The above example demonstrates the main components of `diffpriv`:

* Virtual class `DPMech` for generic mechanisms that captures the non-private
`target` and releases privatized responses from it. Current subclasses
+ `DPMechLaplace`, `DPMechGaussian`: the Laplace and Gaussian mechanisms
for releasing numeric responses with additive noise;
+ `DPMechExponential`: the exponential mechanism for privately
optimizing over finite sets (which need not be numeric); and
+ `DPMechBernstein`: the Bernstein mechanism for privately releasing
multivariate real-valued functions. See the
[bernstein vignette](http://brubinstein.github.io/diffpriv/articles/bernstein.pdf) for more.
* Class `DPParamsEps` and subclasses for encapsulating privacy parameters.
* `sensitivitySampler()` method of `DPMech` subclasses estimates target
sensitivity necessary to run `releaseResponse()` of `DPMech` generic
mechanisms. This provides an easy alternative to exact sensitivity bounds
requiring mathematical analysis. The sampler repeatedly probes
`DPMech@target` to estimate sensitivity to data perturbation. Running
mechanisms with obtained sensitivities yield random differential privacy.

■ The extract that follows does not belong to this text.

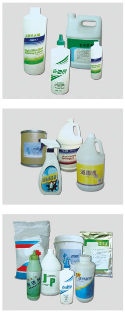 | 通用洗衣粉 強力洗衣粉 強力增自洗衣粉 濃縮洗衣粉 強力臺布粉 柔軟毛巾粉 彩漂粉 低溫彩漂粉 超強乳化劑 超強乳化劑(非離于型) 增白脫灰洗衣粉 漂粉/氯漂粉 柔順劑(粉) 強力合成堿 中和酸劑 軟水劑 去漬酸粉 漿粉 衣領(lǐng)凈 絲毛洗滌劑 羽絨服清洗劑 除銹劑 去油去污增白膏 高效洗衣露 毛巾清香劑 強力醫(yī)用洗衣粉 去血漬洗衣粉 消毒液 消毒液(II型) | Universal detergent Strong detergent Whitening strong detergent Concentrated liquid Strong table-doth powder Soft towl powder Color bleaching powder Low-temper bleaching powder color Super Emulsifier Super emulsifier (non-ionic) Detergent for whitening and dust removing Bleaching powder/chlorine bleaching powder Softener (powder) Synthesis strong alkali Dilute acid Soft water agent Acid powder Powder slurry Collar detergent Silky detergent Down Cleaner Rust removing agent Whitening cream for oil decontamination High-efficiency detergent Towel fresh detergent Supper medical detergent Detergent for blood removal Disinfectant Disinfectant (II type) | |
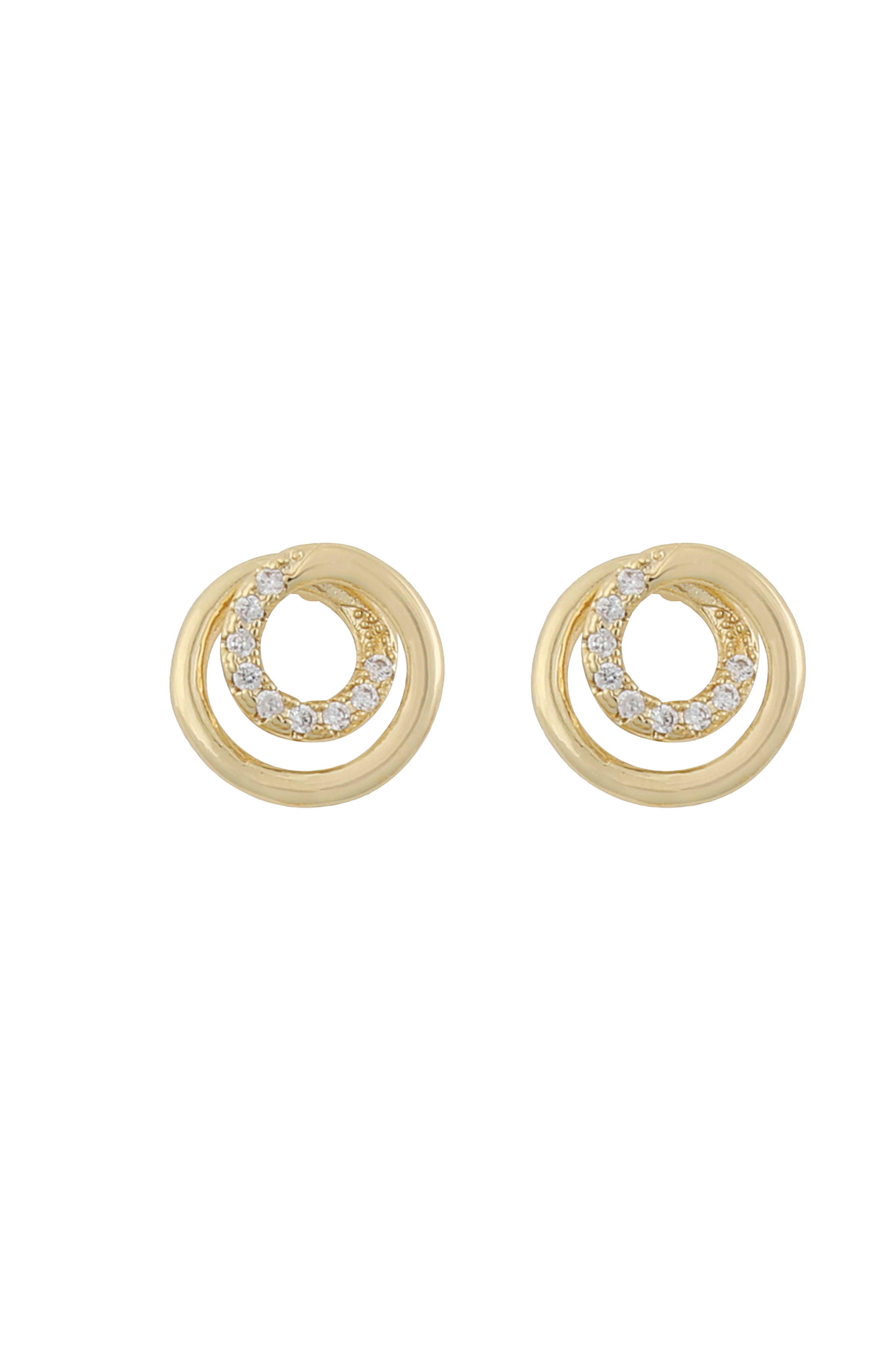 Klassiske små ørestikker i et stilrent design. Øreringene er snoede og har glitrende cubic zirconia-sten længst inde. Diameter 7 mm. Guldpletteret messing. Nikkeltestet.

Read the [package vignette](http://brubinstein.github.io/diffpriv/articles/diffpriv.pdf) for more, or [news](http://brubinstein.github.io/diffpriv/news/index.html)
for the latest release notes.

## Citing the Package

`diffpriv` is an open-source package offered with a permissive MIT License.
Please acknowledge use of `diffpriv` by citing the paper on the sensitivity
sampler:

> Benjamin I. P. Rubinstein and Francesco Aldà. "Pain-Free Random Differential
> Privacy with Sensitivity Sampling", to appear in the 34th International
> Conference on Machine Learning (ICML'2017), 2017.

Other relevant references to cite depending on usage:

* **Differential privacy and the Laplace mechanism:**
Cynthia Dwork, Frank McSherry, Kobbi Nissim, and Adam Smith. "Calibrating
noise to sensitivity in private data analysis." In Theory of Cryptography
Conference, pp. 265-284. Springer Berlin Heidelberg, 2006.
* **The Gaussian mechanism:** Cynthia Dwork and Aaron Roth. "The algorithmic
foundations of differential privacy." Foundations and Trends in Theoretical
Computer Science 9(3–4), pp. 211-407, 2014.
* **The exponential mechanism:** Frank McSherry and Kunal Talwar. "Mechanism
design via differential privacy." In the 48th Annual IEEE Symposium on
Foundations of Computer Science (FOCS'07), pp. 94-103. IEEE, 2007.
* **The Bernstein mechanism:** Francesco Aldà and Benjamin I. P. Rubinstein.
"The Bernstein Mechanism: Function Release under Differential Privacy." In
Proceedings of the 31st AAAI Conference on Artificial Intelligence
(AAAI'2017), pp. 1705-1711, 2017.
* **Random differential privacy:** Rob Hall, Alessandro Rinaldo, and Larry
Wasserman. "Random Differential Privacy." Journal of Privacy and
Confidentiality, 4(2), pp. 43-59, 2012.